Magazine article Insight on the News

Space Car Prototype Prepares to Take Off

Magazine article Insight on the News

Space Car Prototype Prepares to Take Off

Article excerpt

An entrepreneurial engineer is set to test his plane-auto hybrid, a `Skycar' he predicts will fly within the next decade. The vehicle would be environmentally friendly as well.

A commuter's dream right out of a cartoon -- George Jetson flying a space car high above the traffic tie-ups and red lights -- is just days from its first test flight. An aeronautical engineer has put high hopes on his company's line of Skycars -- sort of a cross between a car and a mini-plane that can take off and land vertically.
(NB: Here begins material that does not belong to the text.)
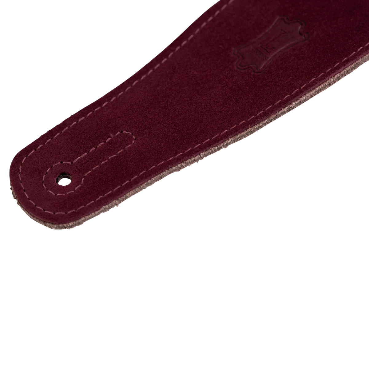 - Levy’s 2 1/2″ Wide Suede Guitar Strap In Burgundy.

"This vehicle is something your grandmother can get in and drive, even without a driver's license," says Paul Moller, president of the California-based Moller International, which has produced the prototype four-passenger M400. "Eventually you should be able to just push a button to go from D.C. to New York."

Moller, who founded and taught at the aeronautical-engineering department at the University of California at Davis, believes it will take at least until 2001 for the Federal Aviation Administration to certify the craft as airworthy. But the former professor has spent the last 30 years pursuing his dream -- a concept of "powered-lift" flight by which he hopes to revolutionize the world's transportation systems.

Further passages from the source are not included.